▶ Stored data entries
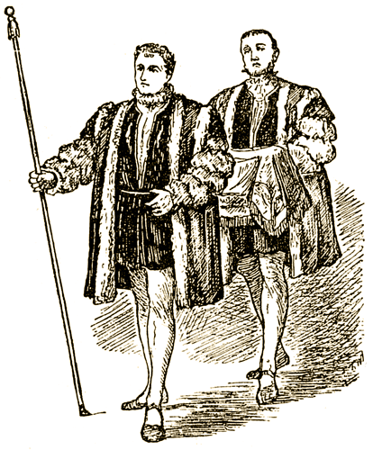 Поспешим же — благо нам дано это право — в большой обеденный зал и посмотрим, что там происходит в то время, как Том готовится к великим торжествам. Это — обширный покой с золочеными колоннами и пилястрами, с расписными стенами, с расписным потолком. У дверей стоят рослые часовые, неподвижные, как статуи, в роскошных и живописных костюмах. В руках у них алебарды. На высоких хорах, идущих вокруг всего зала, помещается оркестр; хоры битком набиты богато одетыми гражданами обоего пола. Посредине комнаты, на возвышенном месте, стол Тома. Но предоставим слово старинному летописцу:
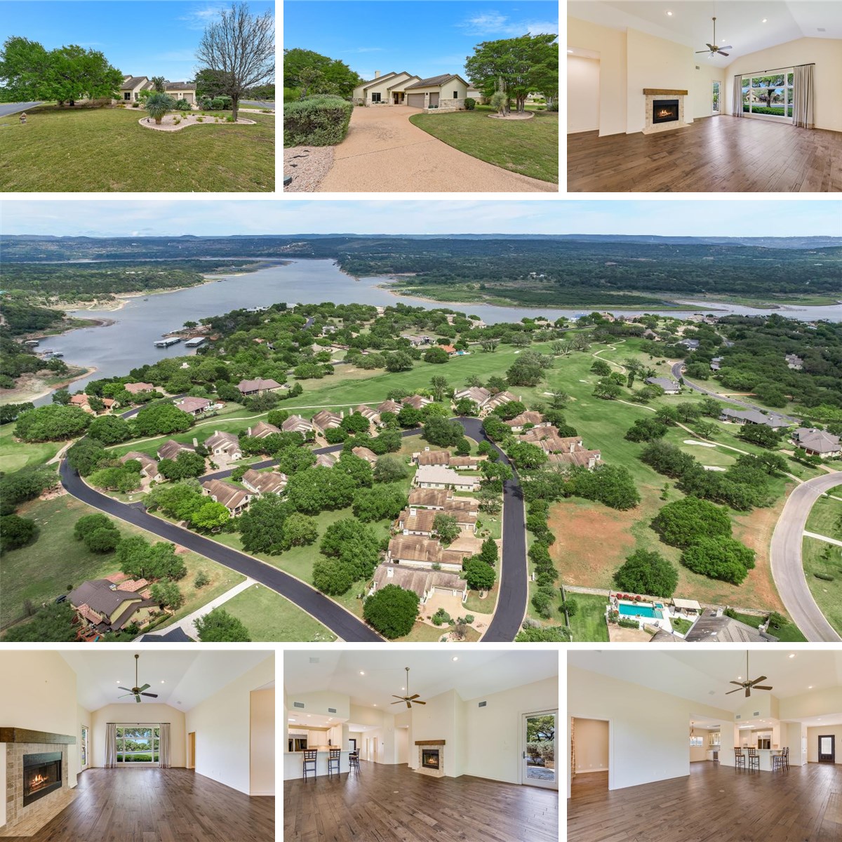 Fabulous single story garden home with no interior steps! Situated on a large landscaped corner lot with relaxing back and side patio areas. High ceilings throughout makes this home feel very spacious. Beautiful wood beamed ceiling in main living. Each bedroom has a full bath and hall bath serves as guest bath as well. Wonderful finishes such as beautiful, varied plank size hardwood floors, high ceilings throughout, stone fireplace in family room, separate study area/office/man cave/sewing room, or 4th guest room. Nice bar area with wine fridge off the kitchen and dining, great spacious kitchen with center island and lots of cabinet storage. Older SubZero refrigerator, that works great, cooktop stove, large walk-in pantry, spice rack, great laundry room with sink, washer and dryer, and a formal dining area and kitchen bar area that will fit at least 5 bar stools. Low maintenance concrete tile roof and a stone/stucco exterior. Situated on a huge corner lot with several patio areas. Breathtaking private country club community with 24 hr guarded/gated entry and club includes an 18 hole Arnold Palmer designed golf course, Olypmic size swimming pool, kiddie pool, lazy river with a hot tub, convenient dinning service, fitness center and tennis/pickleball courts. Membership is voluntary but very reasonably priced. Great lock and leave or primary home.
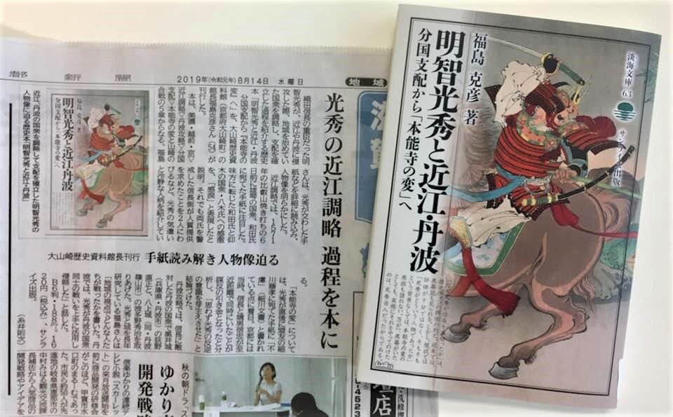 ……多くの歴史ファンから関心を集める「光秀はなぜ信長を裏切ったか」について、福島館長は地理的要因について言及する。光秀の支配した国は、丹波と坂本であり、都を挟んで近い距離にあった。また、信長は多くの戦に向けて主要道の整備を進めていた。この都を挟んだ土地勘と軍道整備が、本能寺の変のきっかけではなかったかと論を展開している。……(滋賀報知新聞2019/07/01)
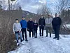KLARE FOR INNSATS. Her er en gjeng medlemmer av Motorsportklubben samlet ved innkjøringa til området Enduro-banen skal bygges. Så snart snøen er borte starter dugnadsarbeidet.
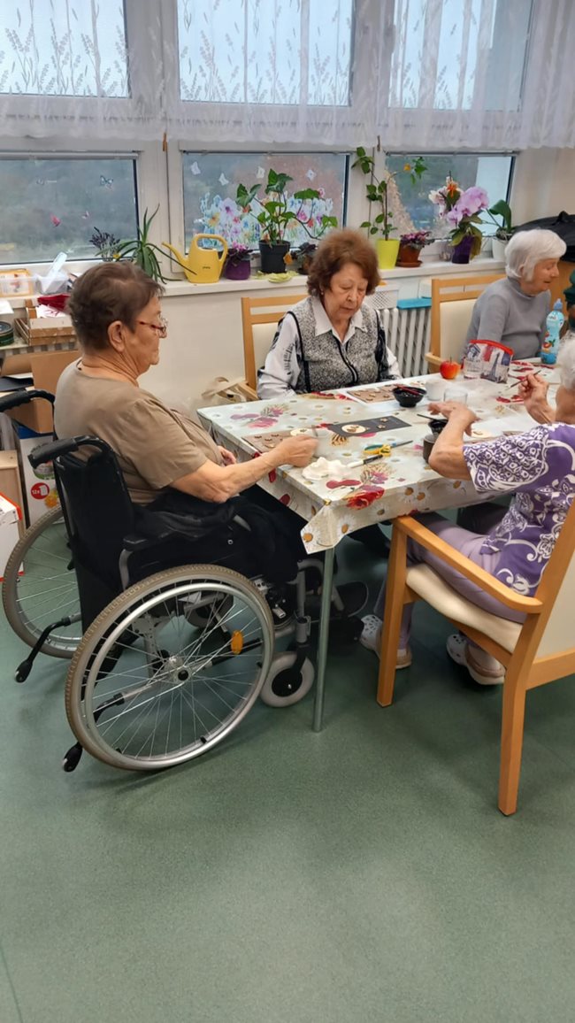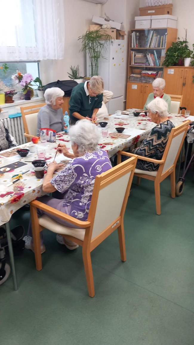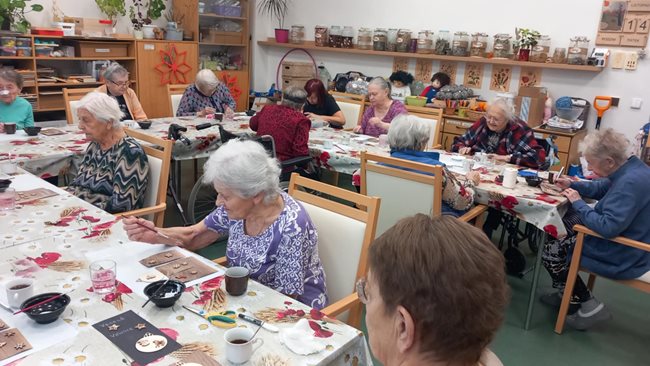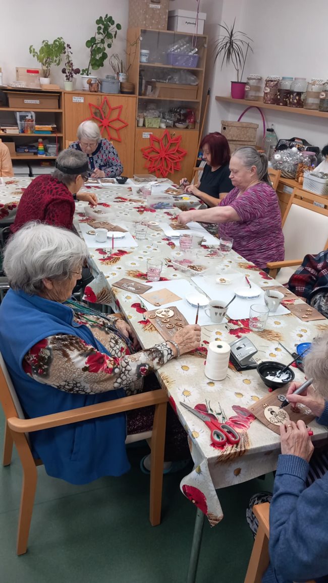 Dnes klienti v rámci zahradní terapie vyráběli vánoční přáníčka z dýhy. Aktivita byla zaměřená na práci s přírodním materiálem, podporu kreativity a jemné motoriky. Klienti se už těší na další setkání.

▶ Your assignment
Each entry above should come back word for word, and no picture should come with it.

▶ Final answer
 Поспешим же — благо нам дано это право — в большой обеденный зал и посмотрим, что там происходит в то время, как Том готовится к великим торжествам. Это — обширный покой с золочеными колоннами и пилястрами, с расписными стенами, с расписным потолком. У дверей стоят рослые часовые, неподвижные, как статуи, в роскошных и живописных костюмах. В руках у них алебарды. На высоких хорах, идущих вокруг всего зала, помещается оркестр; хоры битком набиты богато одетыми гражданами обоего пола. Посредине комнаты, на возвышенном месте, стол Тома. Но предоставим слово старинному летописцу:
 Fabulous single story garden home with no interior steps! Situated on a large landscaped corner lot with relaxing back and side patio areas. High ceilings throughout makes this home feel very spacious. Beautiful wood beamed ceiling in main living. Each bedroom has a full bath and hall bath serves as guest bath as well. Wonderful finishes such as beautiful, varied plank size hardwood floors, high ceilings throughout, stone fireplace in family room, separate study area/office/man cave/sewing room, or 4th guest room. Nice bar area with wine fridge off the kitchen and dining, great spacious kitchen with center island and lots of cabinet storage. Older SubZero refrigerator, that works great, cooktop stove, large walk-in pantry, spice rack, great laundry room with sink, washer and dryer, and a formal dining area and kitchen bar area that will fit at least 5 bar stools. Low maintenance concrete tile roof and a stone/stucco exterior. Situated on a huge corner lot with several patio areas. Breathtaking private country club community with 24 hr guarded/gated entry and club includes an 18 hole Arnold Palmer designed golf course, Olypmic size swimming pool, kiddie pool, lazy river with a hot tub, convenient dinning service, fitness center and tennis/pickleball courts. Membership is voluntary but very reasonably priced. Great lock and leave or primary home.
 ……多くの歴史ファンから関心を集める「光秀はなぜ信長を裏切ったか」について、福島館長は地理的要因について言及する。光秀の支配した国は、丹波と坂本であり、都を挟んで近い距離にあった。また、信長は多くの戦に向けて主要道の整備を進めていた。この都を挟んだ土地勘と軍道整備が、本能寺の変のきっかけではなかったかと論を展開している。……(滋賀報知新聞2019/07/01)
KLARE FOR INNSATS. Her er en gjeng medlemmer av Motorsportklubben samlet ved innkjøringa til området Enduro-banen skal bygges. Så snart snøen er borte starter dugnadsarbeidet.
 Dnes klienti v rámci zahradní terapie vyráběli vánoční přáníčka z dýhy. Aktivita byla zaměřená na práci s přírodním materiálem, podporu kreativity a jemné motoriky. Klienti se už těší na další setkání.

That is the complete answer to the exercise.